TASK DETAILS >>
Scan the material and copy every line in which "Dugo" appears.
---- DATA
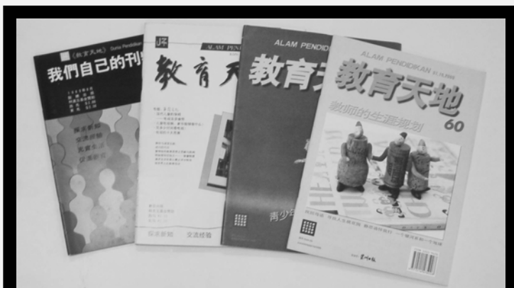
▲《教育天地》——教师精神粮食。
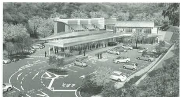
新斎場の完成予想図(イメージ)

平成25年12月10日に開かれた経済委員会において、9月30日で終了した新斎場の実施設計業務で基本設計
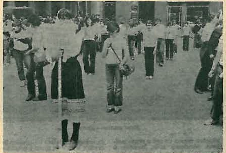
Ekipe podmlatka CK Dugo Selo

Ovu manifestaciju zajedničke suradnje Sekretarijata za narodnu obranu i organizacije Crvenog križa pratili su sa područja Općine Dugo
--------
ANSWER SECTION >>
Ekipe podmlatka CK Dugo Selo
Ovu manifestaciju zajedničke suradnje Sekretarijata za narodnu obranu i organizacije Crvenog križa pratili su sa područja Općine Dugo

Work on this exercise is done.